Outside Providence--the title refers to Tim's native habitat, Pawtucket, R.I., as well as to the silence of God when it comes to doofus teenagers--works in mysterious ways its wonders to perform. For the coming-of-age cliches don't stop once Tim settles in at Cornwall. There are a sadistic housemaster, a hidebound headmaster, a geeky roommate and a duplicitous pal to contend with, and the prettiest girl on campus (Amy Smart) to woo, ruin and redeem. One finds oneself asking how such familiar stuff breeds contentment instead of contempt.

Part of the answer, paradoxically, may lie in the way the film shamelessly, even joyously, keeps piling on that familiar material. At some point the sheer mass of it simply overwhelms dubiety. The fact that everything that happens in the movie comes as a surprise to its participants helps too. They apparently have not seen all the movies or read all the books about adolescent angst. So their responses are fresh. And felt.

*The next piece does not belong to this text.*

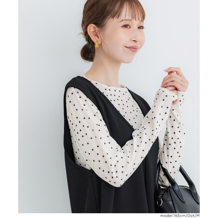 おしゃれ 可愛い きれいめ 秋 秋服 冬 冬服 おとな 大人 女性ファッション 韓国 カジュアル プチプラ 10代 20代 30代 40代 50代 オフィス ホーム シンプル オフィスカジュアル COCA coca コカ 春 レイヤード トップス ドット シアー dot ジョーゼット クルーネック カジュアル カットソー 透け感 レイヤード シンプル カジュアル 長袖 軽量 26ss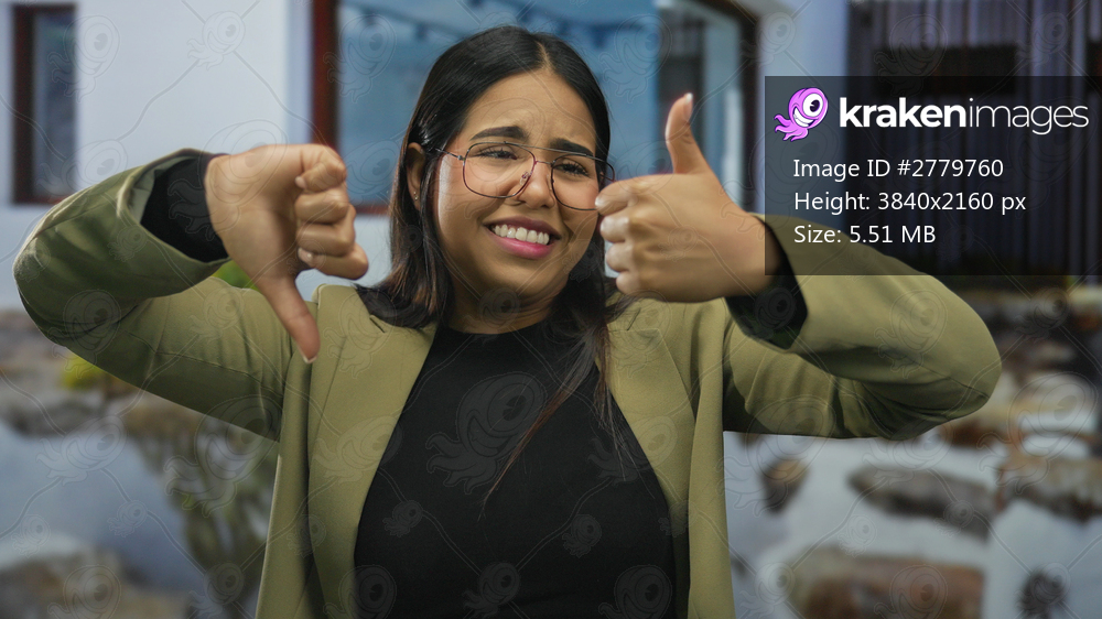 Woman wearing glasses outdoors gives thumbs up and down in an ambiguous gesture, showcasing uncertainty and mixed emotions in her expression.

That's particularly true of Hatosy. He's not so much a goofball as a radical innocent trying to pick up the clues to the preppie lifestyle but at the same time remaining fiercely loyal to his family and friends back home. It's a touching quality, and the actor engagingly lives it. Ditto Baldwin as his roughneck father, who has a depressive's shrewdness about other people's weaknesses as well as a depressive's inability to do anything about his own life, which consists mainly of railing at his children and playing poker with his boozy cronies.

These are both wonderful performances, with Baldwin's--coming on top of his superb movie-star parody in Notting Hill--opening up rich new territories for him to explore. But Outside Providence is full of glorious actor's moments, and may finally owe its success to them. One begins to think, If all these people believe so wholeheartedly in this enterprise, maybe I ought to as well.

Certainly it leads one to re-examine the premise of Peter and Bobby Farrelly. Up to now they have been our gross-out geniuses (Dumb & Dumber, There's Something About Mary), and Miramax wouldn't mind if you thought Outside Providence was more of the same. But adapting a novel by Peter and working with director Michael Corrente, the siblings, who also produced this film, maintain their best quality, which is a kind of unblinking frankness about our basic humanity, while skipping the bathroom jokes. You won't miss them at all.